What holds up — and what doesn't
The false-positive reduction result is striking and real. Going from 942 to 12 false positives on the same data is the kind of operational gain that actually changes whether a tool gets used in practice. I believe the direction.
But I have serious reservations about the evaluation design.

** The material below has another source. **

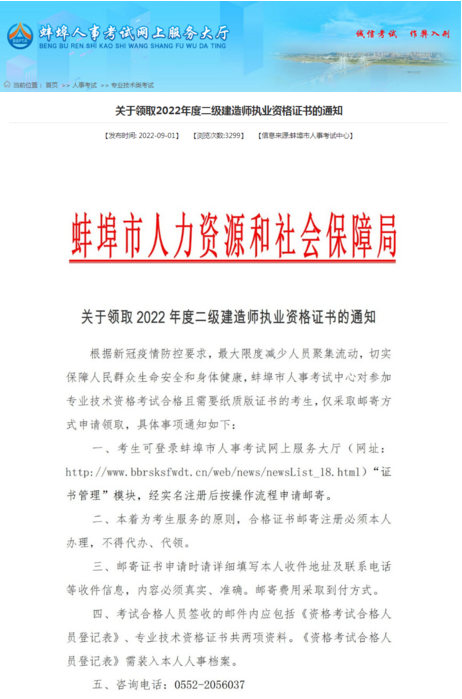安徽蚌埠二建領證通知已發,考生可以登錄人事考試網上服務大廳,經實名注冊后申請郵寄。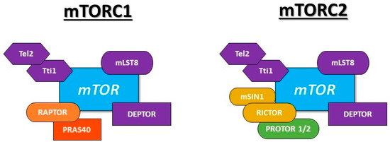 The mechanistic or mammalian target of rapamycin (mTOR) is an evolutionary conserved serine/threonine protein kinase which is related to the PI3K kinase family (PIKK) [143] and exists in two different complexes: mTORC1 and mTORC2 [144,145], known as “rapamycin-sensitive” and “rapamycin-insensitive”, respectively [144].

First, the ground-truth labels on the synthetic dataset are themselves constructed from JET rules. The anomalies that were injected are exactly the kinds of patterns JETs were designed to catch. So "the LLM outperforms JET" on a JET-labeled test set may partly reflect the LLM learning to mimic the same rules from the contextual statistics in the prompt, not generalizing beyond them.
Second, the Isolation Forest ablation on real data is damning in a way the paper under-discusses. F1 drops from 0.83 to 0.24 without IF scores. This tells me the LLM is primarily functioning as a flexible threshold on top of the IF signal, not as an independent anomaly detector. The system is closer to an ML ensemble with a natural-language skin than a "foundation model doing audit reasoning."

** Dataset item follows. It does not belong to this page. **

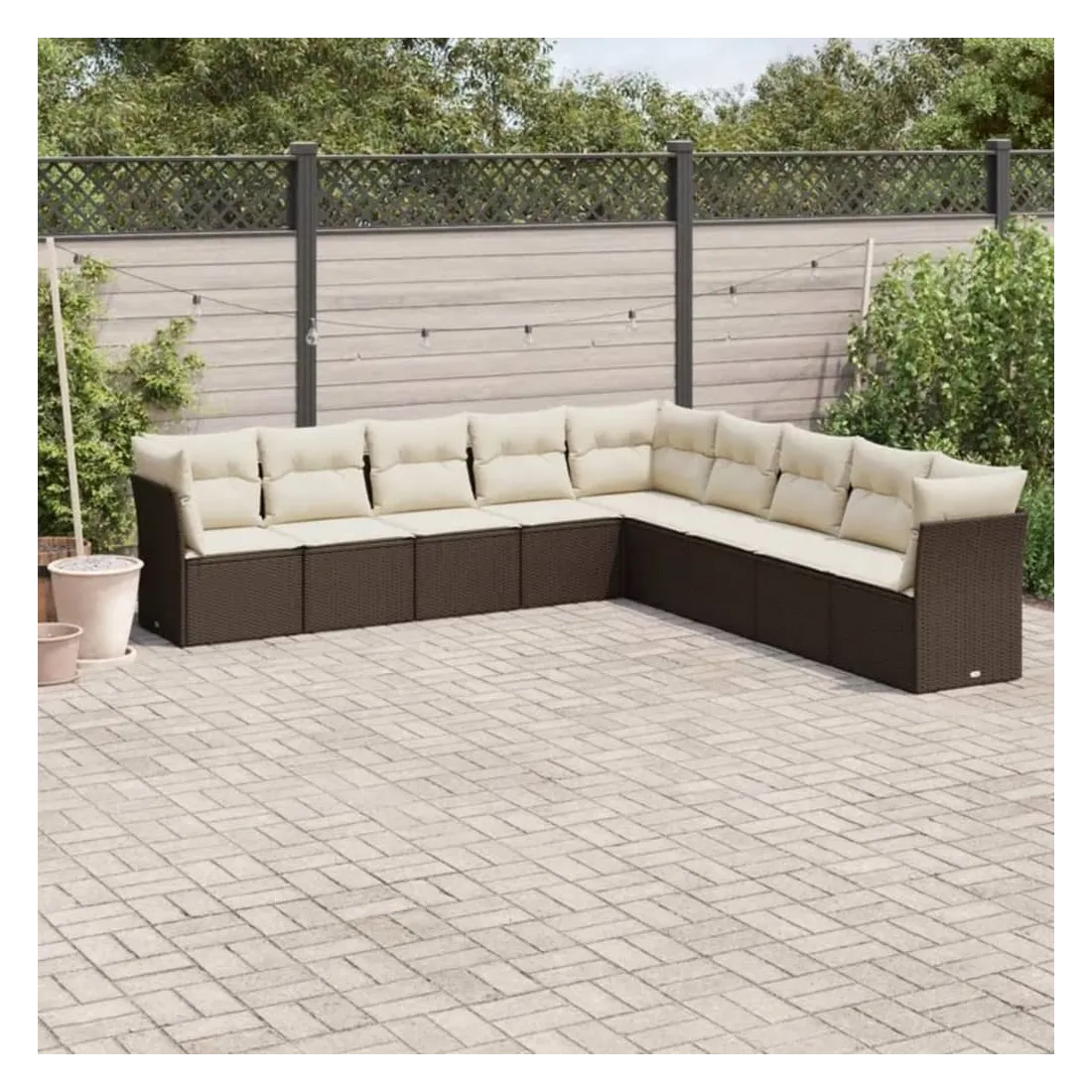 Cet ensemble de canapés de jardin est le complément parfait de votre arrière-cour, terrasse ou patio, offrant un espace confortable et accueillant pour discuter avec la famille et les amis ou simplement se détendre et profiter de l'extérieur. Matériau durable : la résine tressée, également connue sous le nom de poly rotin, est un matériau synthétique solide et nécessitant peu d'entretien qui ressemble au rotin naturel. Il est léger, facile à nettoyer et couramment utilisé pour les meubles d'extérieur en raison de sa durabilité et de ses propriétés de résistance aux intempéries.Expérience d'assise confortable : ce mobilier d'extérieur, doté de coussins épais, offre une expérience d'assise confortable.Housse amovible et lavable : ces coussins de siège sont dotés de housses amovibles pour un lavage et un entretien faciles.Conception modulaire : cet ensemble de meubles d'extérieur a une conception modulaire, ce qui le rend complètement flexible et facile à déplacer, afin que vous puissiez créer un agencement de meubles d'extérieur personnalisé. Bon à savoir :Pour que vos meubles d'extérieur restent beaux, nous vous recommandons de les protéger avec une housse imperméable.

Third, only one real-world dataset, drawn from a single industry partner. The authors acknowledge this, but it means we cannot assess generalization across company size, accounting system, or industry.
Fourth, the paper compares against JETs and a single ML baseline (Isolation Forest). Autoencoder-based anomaly detection, XGBoost with engineered features, and simple logistic regression on IF scores are all absent. The space of what counts as "classical ML" here is narrow.
The hallucination question is not addressed. The authors call the explanations a key contribution, but there is no evaluation of whether the prose justifications are factually correct or consistent with the binary prediction.
Why this matters for finance AI
This is the closest existing paper to what Bean Labs is building. Beancount ledgers are double-entry bookkeeping systems. Every transaction is a set of posting lines. Anomaly detection over those lines — unusual accounts, out-of-range amounts, implausible date patterns — is an obvious first feature for an autonomous finance assistant.
The AuditCopilot result suggests that the right approach for Beancount audit is probably not "prompt an LLM with a raw transaction and ask if it's suspicious," but rather "compute a lightweight statistical context (account-level baselines, temporal distribution, Isolation Forest scores) and give the LLM that enriched context." The LLM's value is in synthesis and explanation, not in raw anomaly scoring.
The false-positive reduction is also directly relevant. A Beancount audit tool that surfaces 942 candidate anomalies per run will be ignored. One that surfaces 12 high-confidence candidates with explanations will be used. That is not a performance metric — it is a product metric.
The write-back safety concern I care most about is not addressed in this paper. AuditCopilot only reads and flags; it does not propose corrections or modify the ledger. That is the right scope for a first paper, but the hard problem for Bean Labs remains: once you have a flagged anomaly, how do you safely decide what to do about it?
What to read next
- Understanding Structured Financial Data with LLMs: A Case Study on Fraud Detection (arXiv:2512.13040, ACL 2026) — introduces FinFRE-RAG, which adds retrieval-augmented in-context examples to the same fraud detection problem and benchmarks across four public fraud datasets; directly addresses the single-dataset limitation of AuditCopilot.
- Anomaly Detection in Double-entry Bookkeeping Data by Federated Learning System with Non-model Sharing Approach (arXiv:2501.12723) — addresses the privacy constraint that prevents pooling ledger data across firms; the federated approach is likely necessary for any production Beancount audit service that wants to train on client data without centralizing it.
- GuardAgent: Safeguard LLM Agents by a Guard Agent via Knowledge-Enabled Reasoning (arXiv:2406.09187) — the safety enforcement problem AuditCopilot deliberately sidesteps: once anomalies are flagged, how do you make sure a write-back agent does not commit changes that violate accounting invariants?